As the building blocks of proteins, technology-intensive peptide therapies are essentially biologic in nature – and well deserving of 12 years of data exclusivity.
About the author:
President of Finston Consulting LLC since 2005, Susan works with innovative biotechnology and other clients ranging from start-up to Fortune-100, providing support for legal, transactional, policy and “doing business” issues. Susan has extensive background and special expertise relating to intellectual property and knowledge-economy issues in advanced developing countries including India and South Asia, Latin America and the Middle East North Africa (MENA) region. She also works with governments, and NGOs on capacity building and related educational programs through BayhDole25. Together with biotechnology pioneer Ananda Chakrabarty, she also is co-founder of Amrita Therapeutics Ltd., an emerging biopharmaceutical company based in India with cancer peptide drugs entering in vivo research. Previous experience includes 11 years in the U.S Foreign Service with overseas tours in London, Tel Aviv, and Manila and at the Department of State in Washington DC. For more information on latest presentations and publications please visit finstonconsulting.com.
Yes, peptides appear to be slighted as a class of biologic products, with even recombinant ones treated more as drugs.
But in terms of real-world utility and impact, 12 years U.S. biologic reference product data exclusivity is rather meaningless. In my studies of ref. product patent and data and market (orphan) exclusivity expirations (see published article at http://www.biosimilarspipeline.com/pipeline.pdf), patents for nearly 90% of potential ref. products extend longer than any other exclusivity (and this is just the known and more easily identified patents, with many, including exclusively licensed patents, likely remaining unidentified so far).
Related to this, shortening of U.S. ref. product data exclusivity, such as to 5 years, as called for by some politicians and activists, is meaningless, a waste of time. No proponent of this (or anyone else), as far as I am aware, has yet ever cited even a single product where 5 vs. 12 years would make any difference in timing of U.S. market entry, with patents the real block to marketing.

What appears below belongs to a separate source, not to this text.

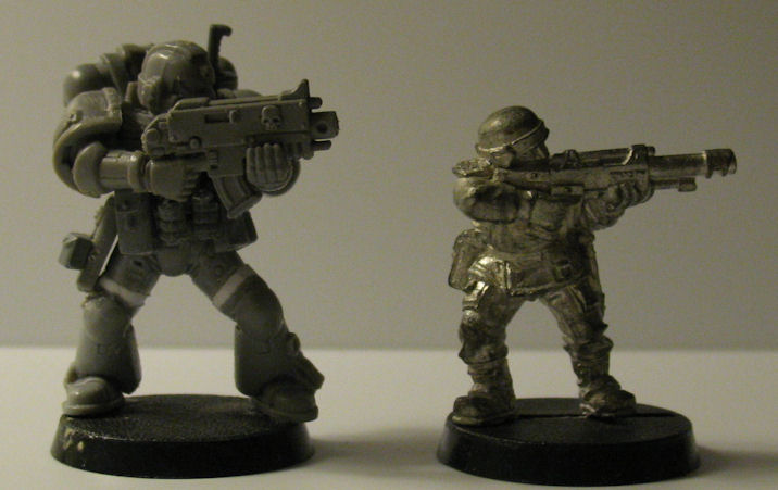 1.5mm torso card. This will probably be the final torso alteration as it gives the "standing" models a more appropriate height without compromising the proportions that the model should have or requiring extensive modification/sculpting. Sergeant and Assault models will require repositioning of the belt buckle.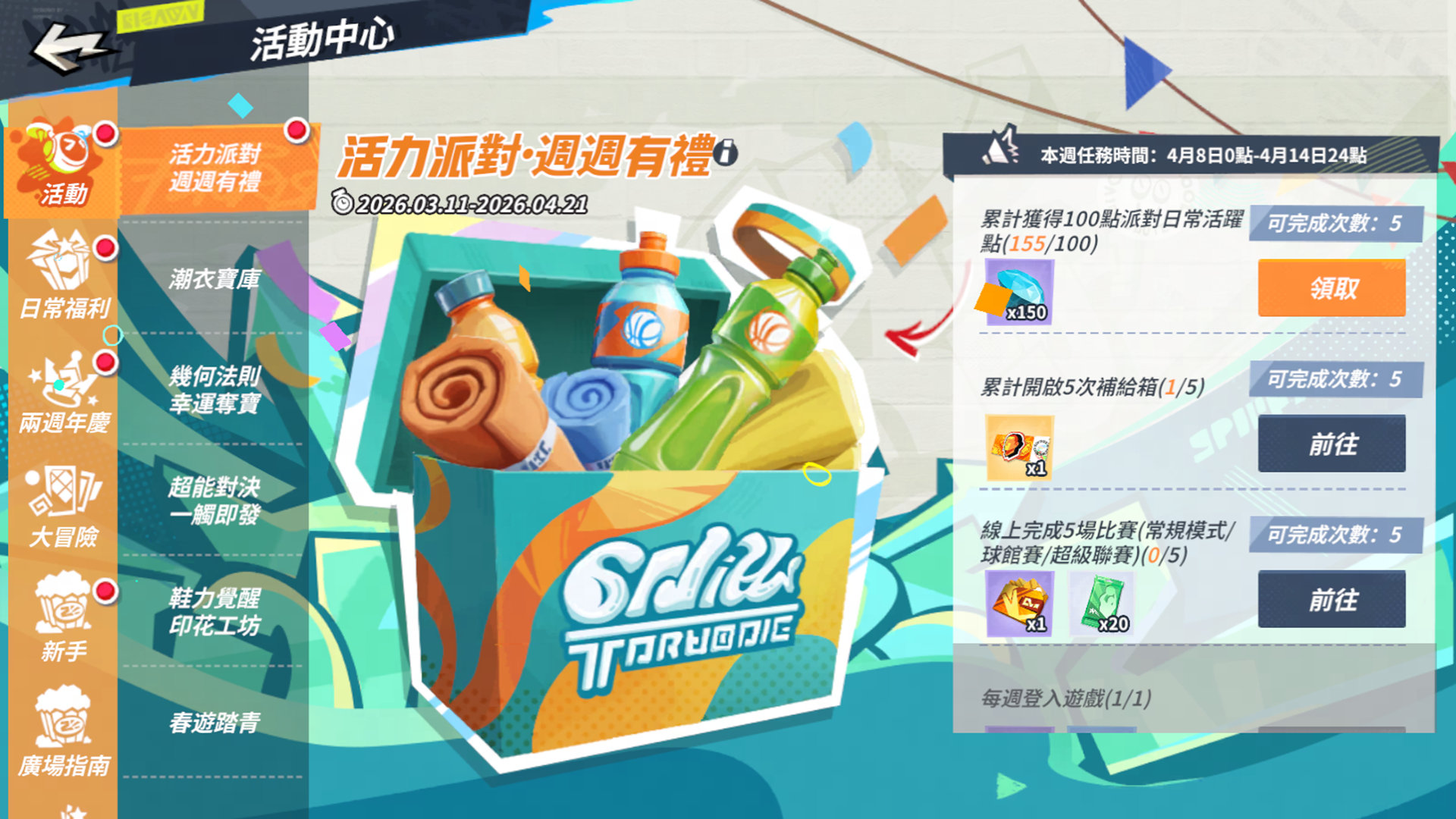 隨著春日降臨,「活力派對·週週有禮」活動將每週重置任務,持續派發巨星天賦卡自選包與潮人券。而「春暖花開」登入禮活動也相繼展開,街球手只需簡單登入即可領取招募券、鑽石等豐厚虛寶。此外,「世界巡迴賽」將帶領街球手回顧塞爾提克雙探花的登頂之路,體驗鐵血綠軍的傳奇篇章。

Hi Ron, Where you stand depends on where you sit! As co-founder and Managing Director of Amrita Therapeutics, I am looking at this issue through the eyes of a start-up, not a global bio-pharma company with deep pockets for litigation to prevent or stop patent infringement. In this context, a 12-year DE period provides a kind of absolute protection that patent protection cannot, where the government is the gatekeeper.